(What you are asked to do):
Copy out the data exactly, leaving the pictures behind.

(Source data):
───

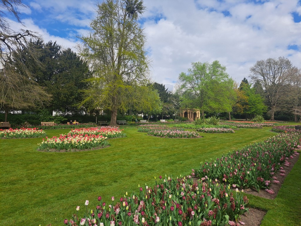 Lovely parks and a few convenient large pubs near to the bottom end of town, where the venue is (such as the Old Library).
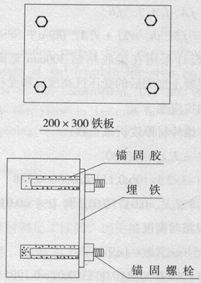 (4)化學(xué)錨固鐵板對在混凝土上的鉆孔直徑要求也是非常嚴格,鉆孔的直徑過小起不到錨固膠應(yīng)該有的作用。通常鉆孔的直徑要比錨桿的直徑大4~5mm,深度為100mm,這樣即能夠使錨固膠與錨桿充分接觸又能夠節(jié)約錨固膠的用量。
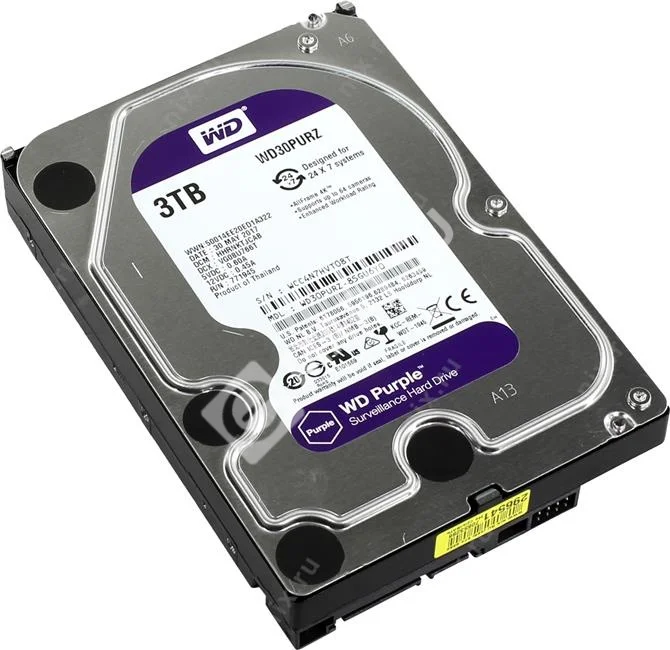 Модель Western Digital WD30PURZ принадлежит к специализированной серии WD Purple, предназначенной для использования в системах видеонаблюдения. Объем жесткого диска составляет 3Тб, форм-фактор 3.5 дюйма, интерфейс SATA 6 Гб/с.
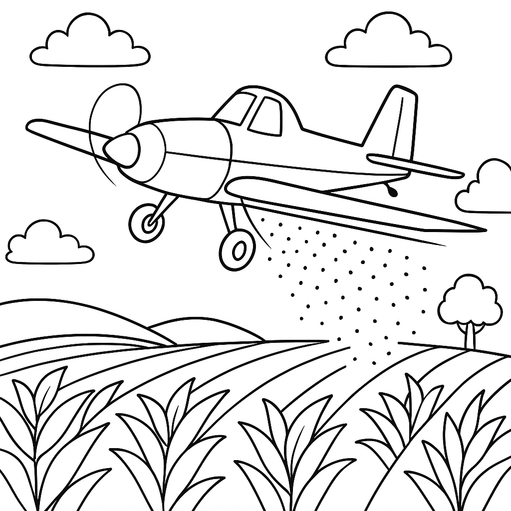 A medium coloring page featuring crop duster plane spraying organic fertilizer over spring farmland. Perfect for kids (6-9) with moderately detailed outlines for a fun coloring experience.
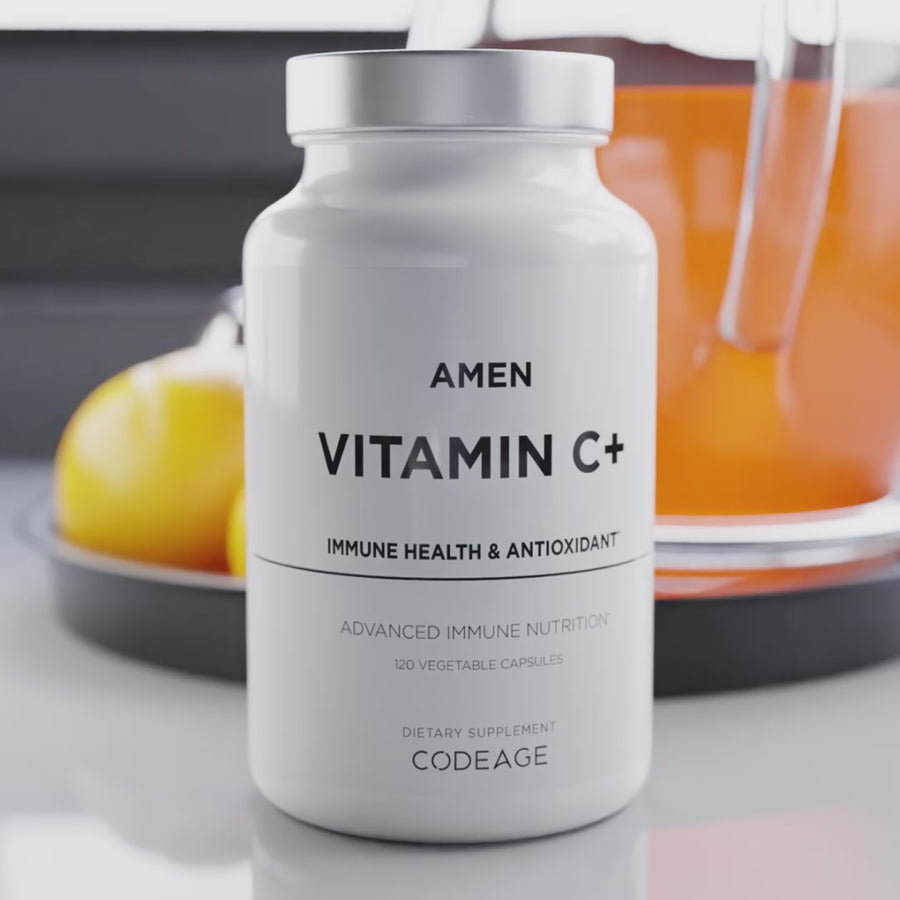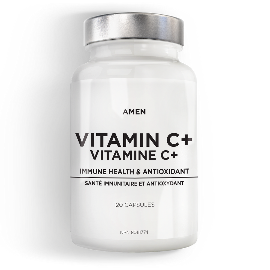 - Amen Vitamina C+ es un suplemento de vitamina C moderno que combina las propiedades inmunoestimulantes de la vitamina C, el zinc y los bioflavonoides cítricos en un suplemento vitamínico diario. Esta sinergia tiene como objetivo promover la inmunidad, la salud de la piel y brindar apoyo antioxidante para un bienestar próspero.*
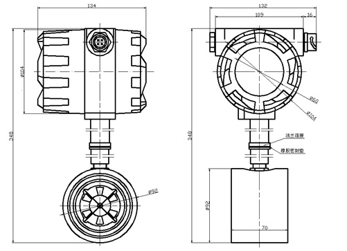 ◆ 總線流量變送器與外部電纜的連接,標準配置為電纜壓線引出方式,如需要其它連接方式,訂購產(chǎn)品時請在合同中注明。
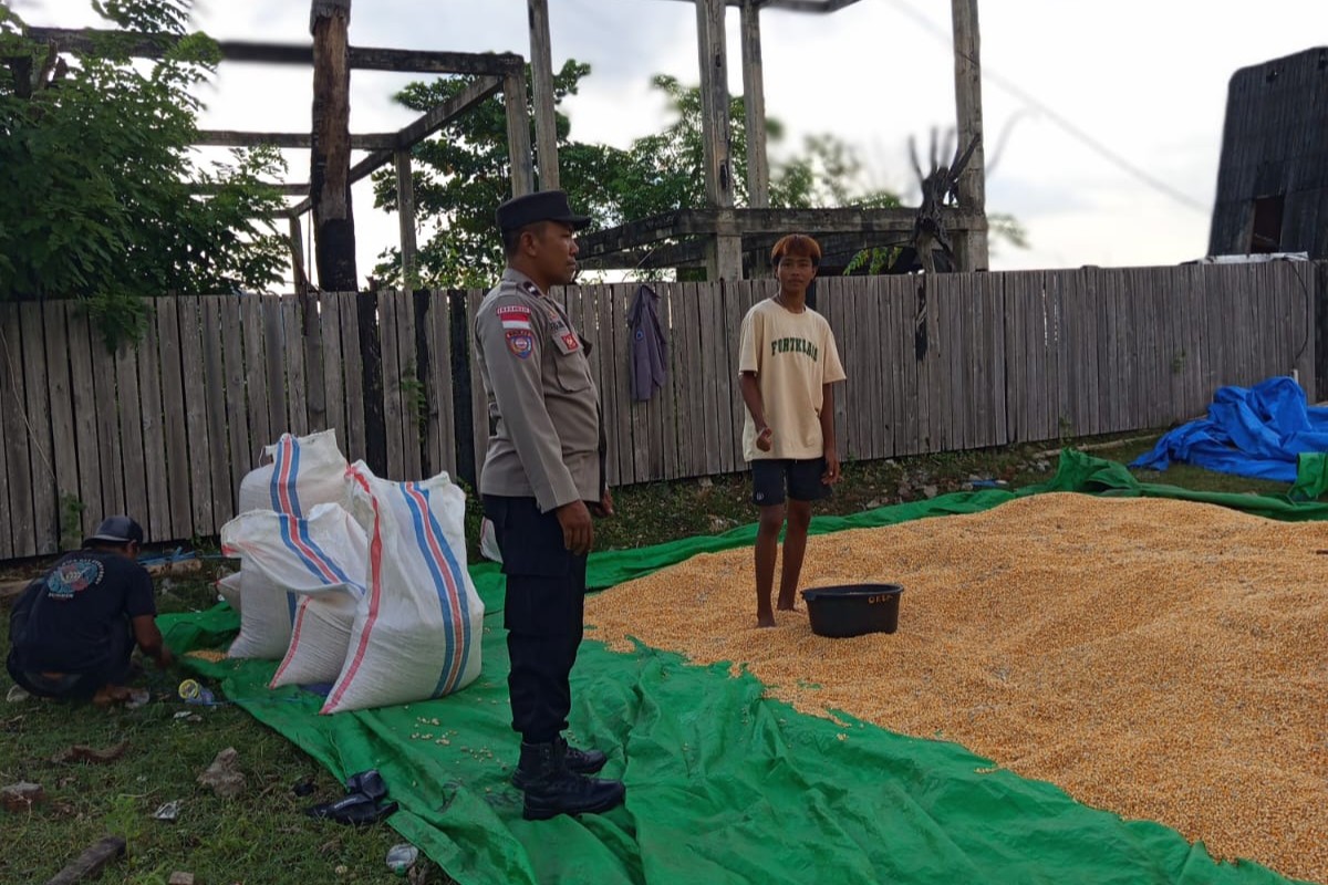 Dalam konteks monitoring pengeringan biji jagung, Bhabinkamtibmas turut memberikan semangat dan dukungan kepada para petani.

───

(Answer to the problem):
 Lovely parks and a few convenient large pubs near to the bottom end of town, where the venue is (such as the Old Library).
 (4)化學(xué)錨固鐵板對在混凝土上的鉆孔直徑要求也是非常嚴格,鉆孔的直徑過小起不到錨固膠應(yīng)該有的作用。通常鉆孔的直徑要比錨桿的直徑大4~5mm,深度為100mm,這樣即能夠使錨固膠與錨桿充分接觸又能夠節(jié)約錨固膠的用量。
 Модель Western Digital WD30PURZ принадлежит к специализированной серии WD Purple, предназначенной для использования в системах видеонаблюдения. Объем жесткого диска составляет 3Тб, форм-фактор 3.5 дюйма, интерфейс SATA 6 Гб/с.
 A medium coloring page featuring crop duster plane spraying organic fertilizer over spring farmland. Perfect for kids (6-9) with moderately detailed outlines for a fun coloring experience.
 - Amen Vitamina C+ es un suplemento de vitamina C moderno que combina las propiedades inmunoestimulantes de la vitamina C, el zinc y los bioflavonoides cítricos en un suplemento vitamínico diario. Esta sinergia tiene como objetivo promover la inmunidad, la salud de la piel y brindar apoyo antioxidante para un bienestar próspero.*
 ◆ 總線流量變送器與外部電纜的連接,標準配置為電纜壓線引出方式,如需要其它連接方式,訂購產(chǎn)品時請在合同中注明。
 Dalam konteks monitoring pengeringan biji jagung, Bhabinkamtibmas turut memberikan semangat dan dukungan kepada para petani.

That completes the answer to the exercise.